Pattern Language of Natural Homes No.117 Sheltering Roof

If the roof on your home cannot be felt visually around it, then it doesn't satisfy the psychological need for shelter ...

 

 
 
 

The most primitive of buildings are little more than a roof. If the roof cannot be felt visually around the home it doesn't satisfy the psychological need for shelter.

The roof shelters if it embraces, covers and surrounds the process of living. Alexander's advice is to make the entire surface of the roof visible, bring the eaves low to about 6’6” (2m) where people gather, like entrances and seats and build the top storey of the building right into the roof.

This beautiful home (right) is a rubble stone lime mortar thatched cottage in Blaise Hamlet near Bristol, England. It was designed by John Nash, a master of the picturesque architectural style and designer of a very famous house in London, namely Buckingham Palace. The cottage, along with the rest of the hamlet, is owned by the UK's National Trust.

The home also demonstrates other external patterns making it attractive such as No.116 'Cascade of Roofs', No.239 'Small Panes', No.242 'Front Door Bench' and No.231 'Dormer Windows'.

Picture with permission © 2009 Terry Winter

   
           
   
     

This building (right) is the communal kitchen at Tinkers Bubble, a small off-grid hillside woodland community on 40 acres (16 hectares) of land in rural Somerset, England.

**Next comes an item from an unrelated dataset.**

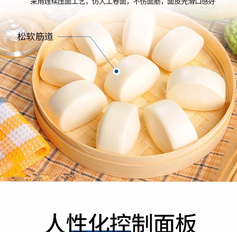 ?采用連續(xù)壓面制作工藝,仿人工卷面,不傷面筋,使面皮有光滑、品質(zhì)穩(wěn)定,口感好;
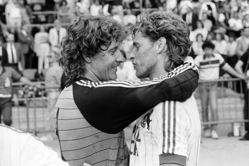 Ein Glücklicher Harald Konopka und Harald "Toni" Schumacher , dahinter Stephan Engels

The whole feeling of shelter provided by this roof comes from it surrounding people, while at the same time covering them. A roof which is merely a pitched roof placed on top of the living space will not touch you emotionally, as the home (below) built by Simon Dale does.

Simon's home illustrates how the roof becomes an integral part of the of the volume of the building. The degree of integration is demonstrated by an inability to draw a horizontal line across the facade of the building to separate the roof from the living space.

In each of these homes the roof is a major visual part of the building when seen from a distance. For each it is possible to touch the roof easily at the entrance; another test of a successful sheltering roof.

   
         
 

Simon's home (left) also demonstrates other patterns helping to make it attractive, such as No.112, ‘Entrance Transition’, No.76, 'House for a Small Family', No.168, ‘Connection to the Earth’, No.118, 'Roof Garden', No.160. 'Building Edge' and No.172, 'Garden Growing Wild' with many other patterns inside.